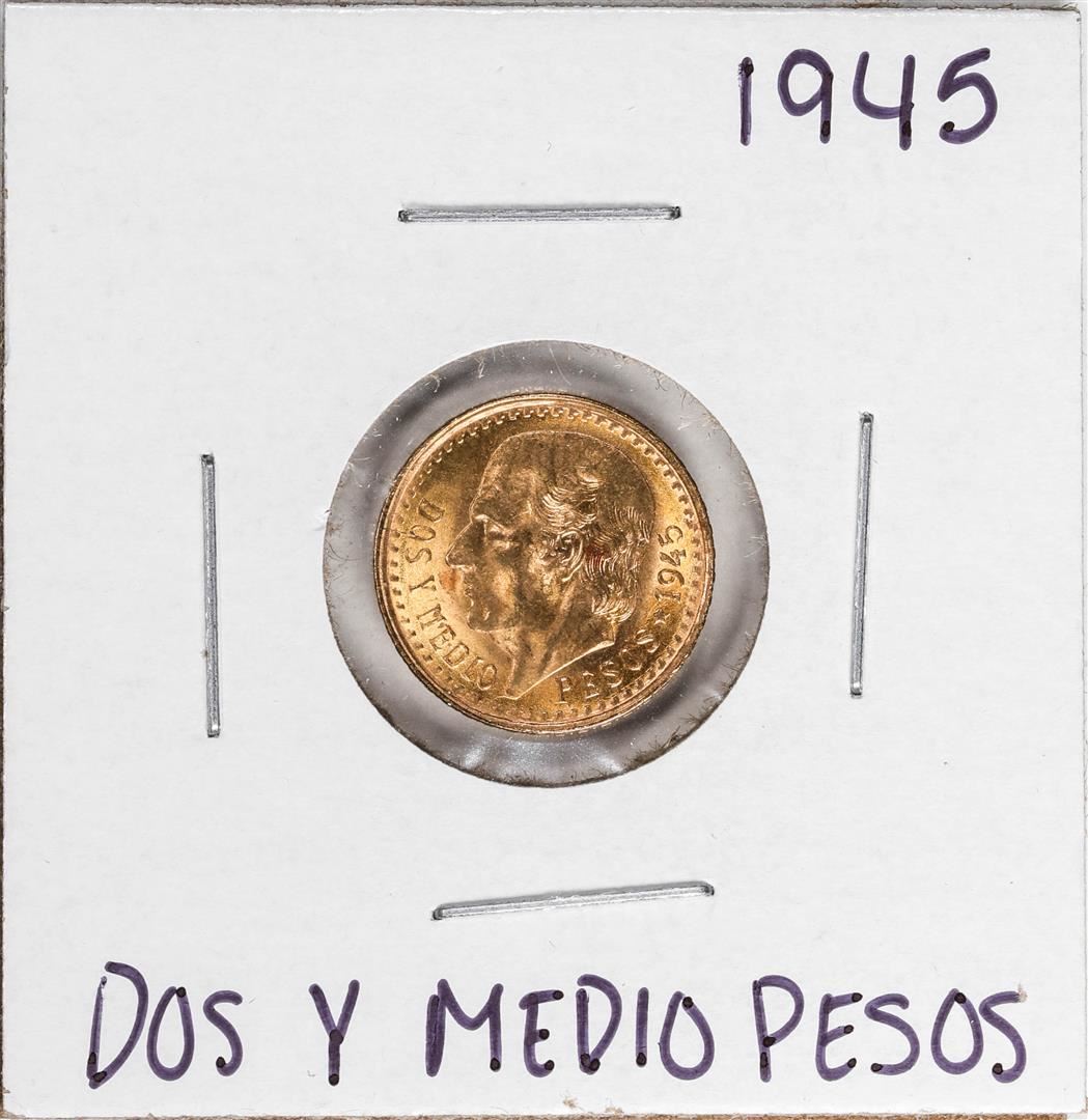 One 1945 Mexico Dos Y Medio Pesos Gold Coin.
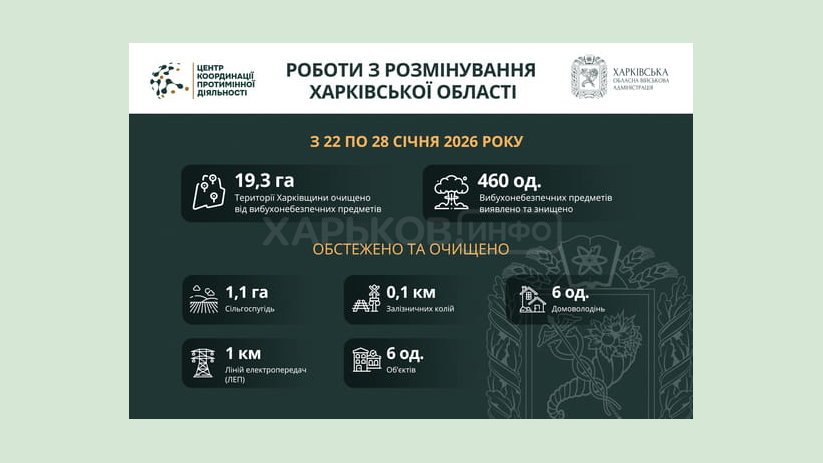 З 22 по 28 січня включно піротехнічні підрозділи в Харківській області розмінували понад 19 га території, виявили та знешкодили 460 вибухонебезпечних предметів.
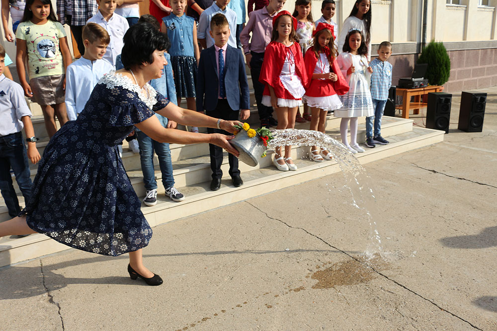 След официалната церемония ръководителите на учебните заведения лиснаха менче с вода, с което още веднъж пожелаха успешна, ползотворна и изпълнена с много нови знания учебна година.
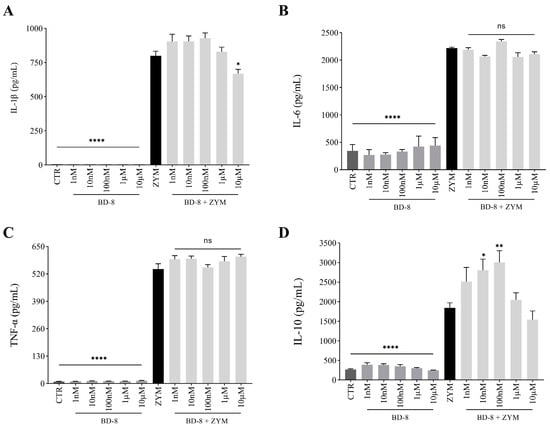 Effect of BD-8 on cytokine production. Murine peritoneal macrophages were treated with varying BD-8 concentrations (1 nM, 10 nM, 100 nM, 1 µM, and 10 µM) in the absence or presence of 0.2 mg/mL ZYM. After 24 h, the IL-1β, IL-6, IL-10, and TNF-α release were determined by enzyme-linked immunosorbent assay. (A) production IL-1β; (B) production IL-6; (C) production TNF-α; (D) IL-10. Results were expressed as mean ± SEM and analyzed using GraphPad Prism® software version 10.0.0 using one-way analysis of variance followed by Tukey’s test for multiple comparisons. ****—(p < 0.0001); **—(p = 0.01); *—(p = 0.05). CTR: Control; ZYM: Zymosan; ns: not significant.
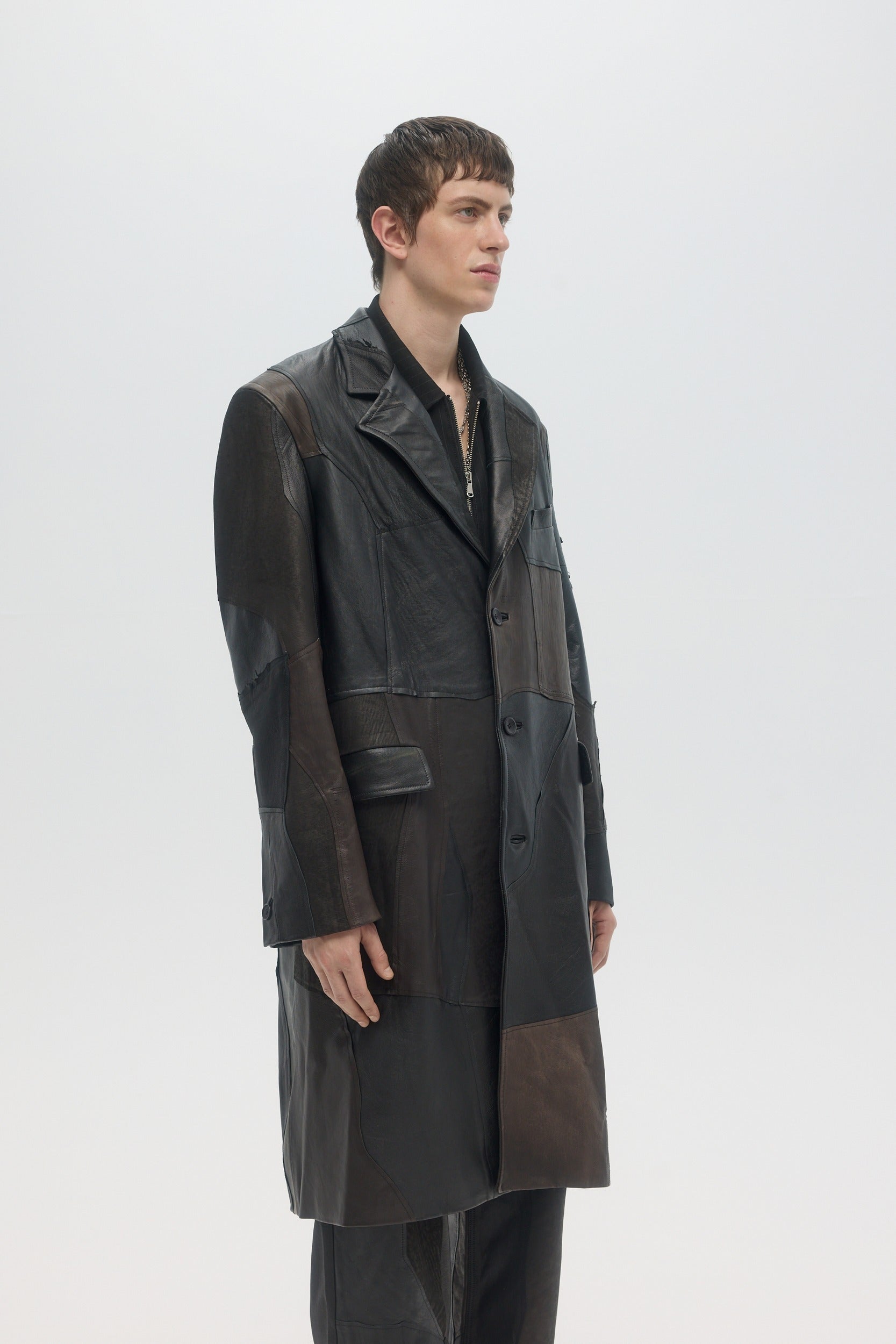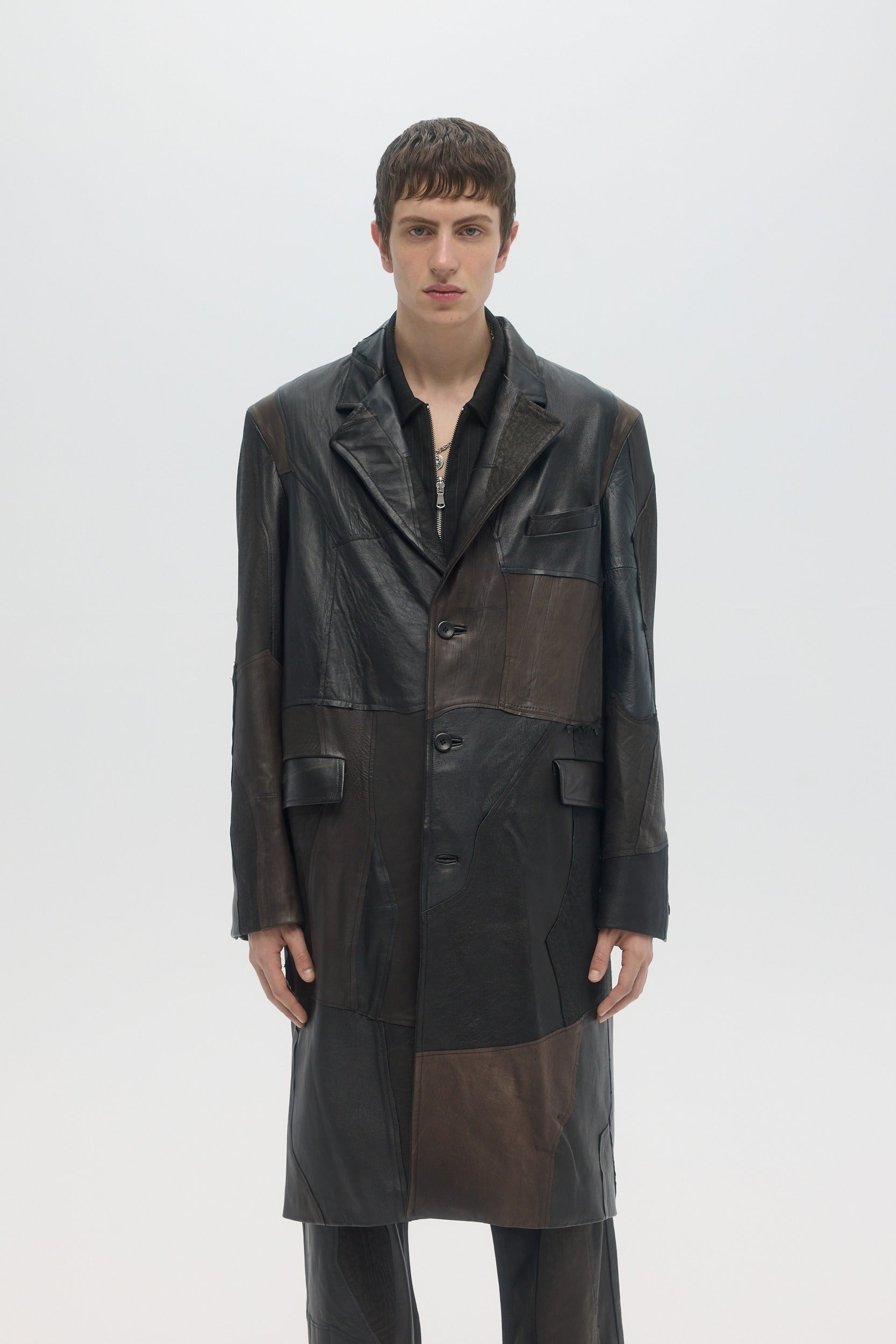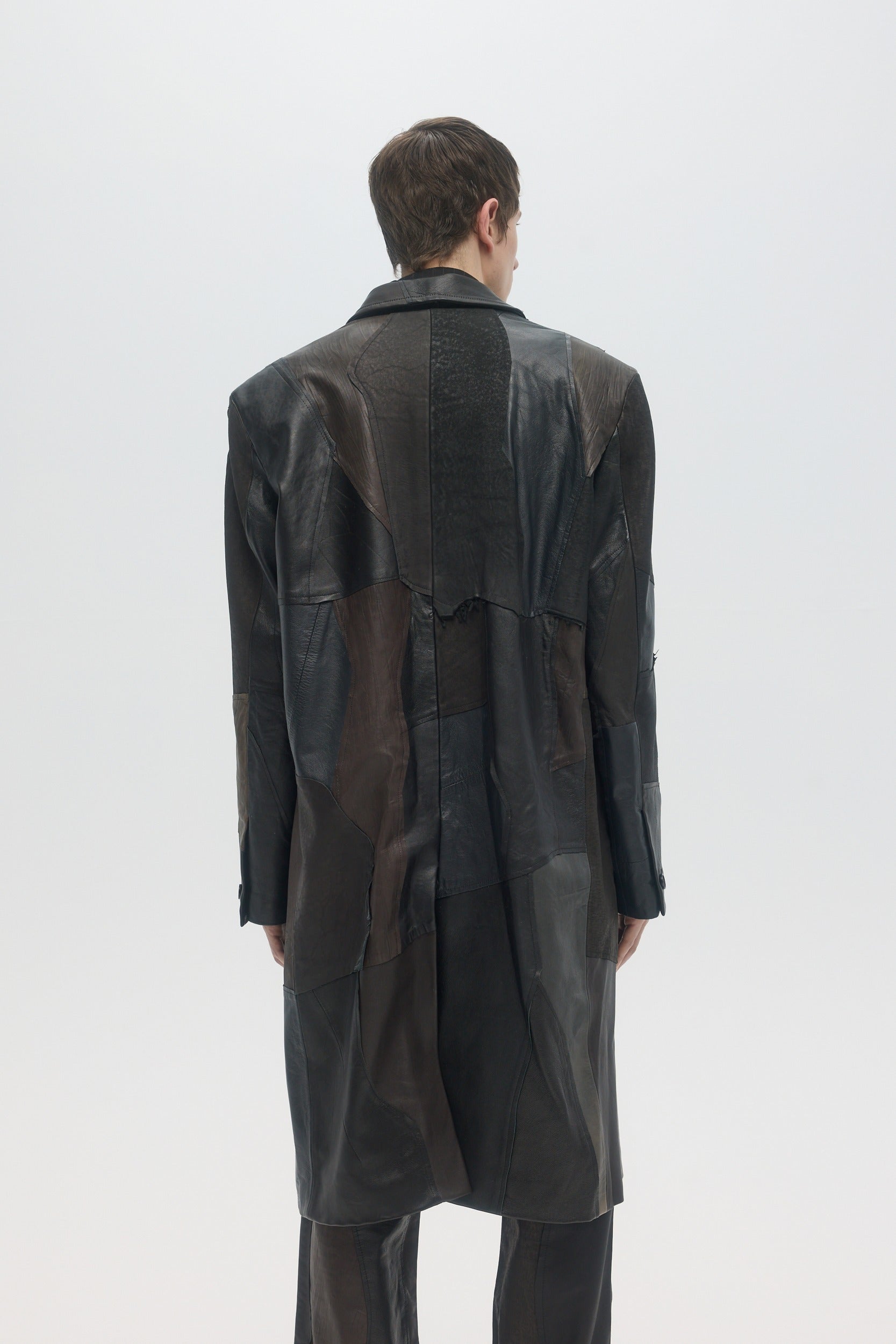 Handmade in Montréal, the Artisanal Clubseat Coat is made from upcycled deadstock and vintage leather pieces, sourced from pre-worn leather items, cut into raw-edge panels and hand-sewn throughout. The fully-lined coat has a tailored fit, with structured shoulders and a straight body. Horn buttons at the front and cuffs. This very limited edition piece is one of a kind, and all imperfections and details are hand-made and inherent to the artisanal process. Color shades of every leather piece vary throughout, embracing the natural patina that they inherited through previous wears.

Problem details:
Only lines go in the copy, not pictures. Transcribe exactly from the start of the listing through the line containing "След официалната церемония".

Solved exercise:
 One 1945 Mexico Dos Y Medio Pesos Gold Coin.
 З 22 по 28 січня включно піротехнічні підрозділи в Харківській області розмінували понад 19 га території, виявили та знешкодили 460 вибухонебезпечних предметів.
 След официалната церемония ръководителите на учебните заведения лиснаха менче с вода, с което още веднъж пожелаха успешна, ползотворна и изпълнена с много нови знания учебна година.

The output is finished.